To find great ideas, look to nature.  Many plants and animals are as useful as they are ornamental.  They can show the way to solve problems of great interest to humans.

  1. Mussel power:  Want an abrasion-resistant, highly-extensible coating?  PhysOrg reported that mussels are providing inspiration to materials scientists.  They build a byssus, or network of threads, that attaches to hard surfaces and absorbs the energy of crashing waves.  A cuticle on the outer surfaces of these stretchy, flexible fibers is “a biological polymer, which exhibits epoxy-like hardness, while straining up to 100% without cracking.”  The cuticle’s success depends on its careful tailoring of protein-metal chemistry and organization of cross-links at the submicron level.  All human inventors need to do is study and copy what the mussel has achieved.  “Nature has evolved an elegant solution to a problem that engineers are still struggling with; namely, how to combine the properties of abrasion resistance and high extensibility in the same material,” said Peter Fratzl, director of the biomaterials department at the Max Planck Institute for Colloids and Interfaces.  “Conceivably, this same strategy could be applied in engineered polymers and composites.”  ScienceNow has a close-up picture of the mussel fibers.

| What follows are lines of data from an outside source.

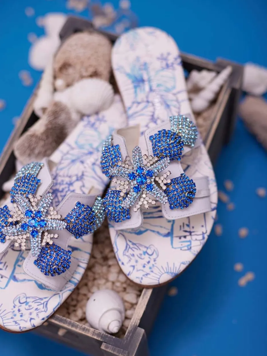 Sommerlicher Eyecatcher mit maritimen Details.Konstantin Starke interpretiert Zehensandalen auf verspielte und gleichzeitig elegante Weise. Ob am Strandboulevard oder beim Stadtbummel – das zart glänzende Lammleder sorgt für angenehmen Tragekomfort. Strassverzierte Applikationen in Muschel- und Seesternform und ein florales Muster auf der Innensohle heben das maritime Thema hervor. Die dominante Weiß-Blau-Kombination unterstreicht den frischen Resort-Charakter. Schlupfform und flache Bauweise machen das Modell ideal für warme Sommertage. Inspiriert von aktuellen Trends rund um „Urlaubs-Florals“ und „Glamour-Elemente“. Kombiniert zu fließenden Kleidern oder leichten Hosen, entfaltet der Look besondere Wirkung. Ein Zumnorde-Favorit für anspruchsvolle Designliebhaberinnen mit Sinn für Details.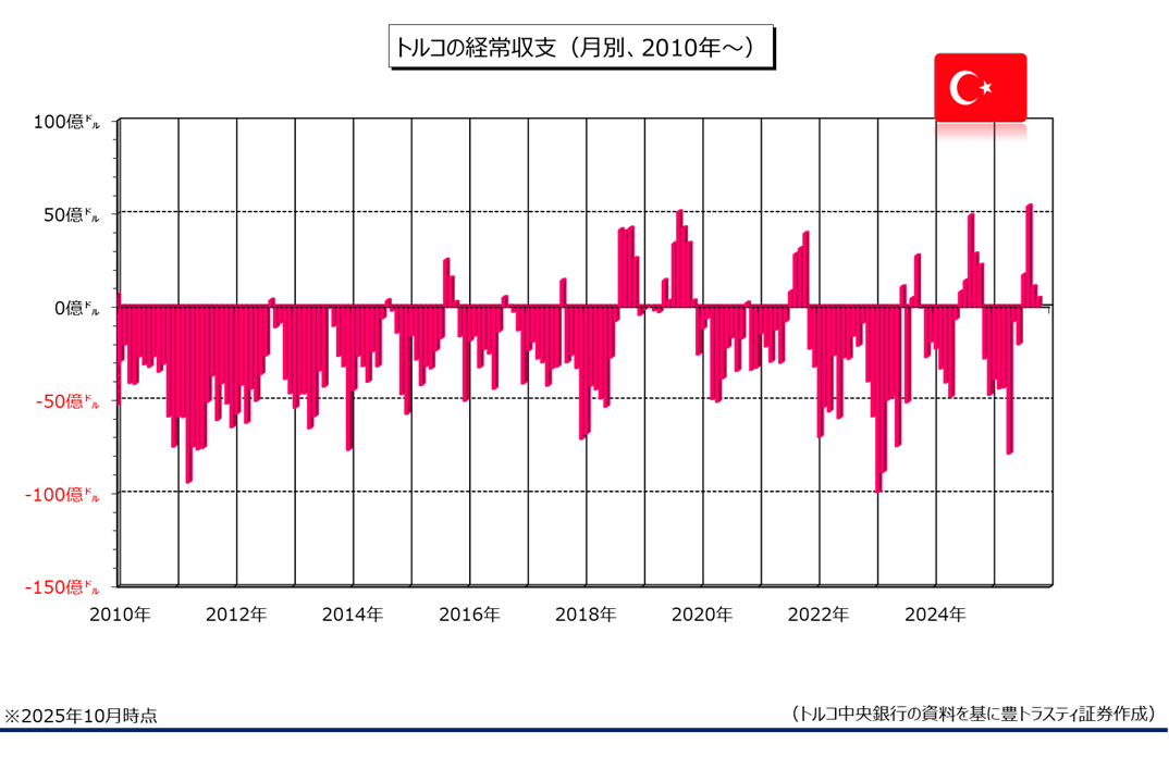 トルコ統計局が12月12日に発表した10月トルコ経常収支は4億5700万ドルの黒字でした。4ヶ月連続で黒字となったものの、前年同月(22億2500万ドルの黒字)は下回っております(前月は104億7800万ドルの黒字)。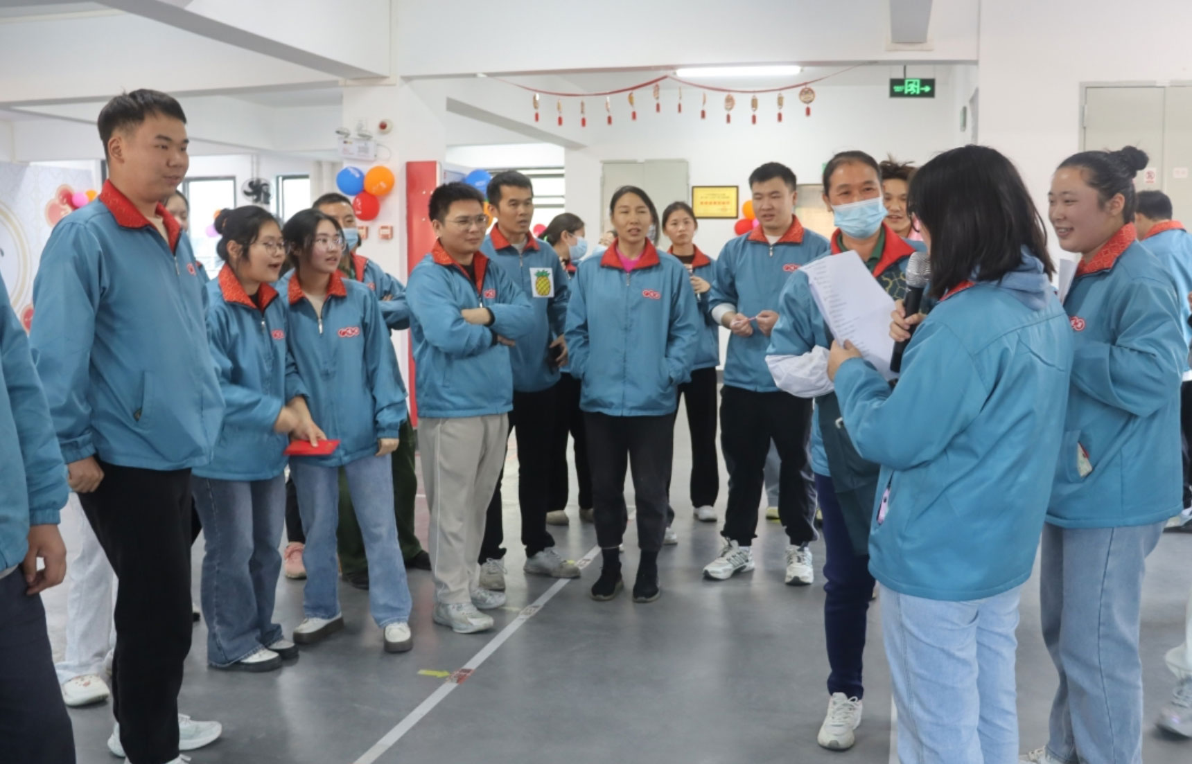 14:25,所有參與活動(dòng)的參賽隊(duì)伍、領(lǐng)導(dǎo)和觀(guān)眾到達(dá)現(xiàn)場(chǎng),14:30主持人宣布冬至活動(dòng)開(kāi)始。行政部施華經(jīng)理作開(kāi)場(chǎng)致辭,并祝大家冬至快樂(lè)。接著,主持人介紹了本次活動(dòng)的具體流程,一共有6項(xiàng)活動(dòng):團(tuán)隊(duì)賽(包餃子速度比賽,餃子創(chuàng)意大比拼,占鋸領(lǐng)地、水果蹲),個(gè)人賽(歇后語(yǔ)猜猜猜、踩氣球游戲)等。

  2. Insect glue:  The caddis fly is well known to fishermen.  They are accustomed to hunting for the tube-shaped larva shelters, made of grains of sand and rock.  The larva glues those grains together with silk made of a wet adhesive that is attracting the attention of inventors.  Science Daily reported on research into the characteristics of this glue.  It could be extremely useful to invent a glue that works when wet.  Imagine trying to put on a bandage in a shower.  Surgeons often have to attach sutures to wet biological tissue.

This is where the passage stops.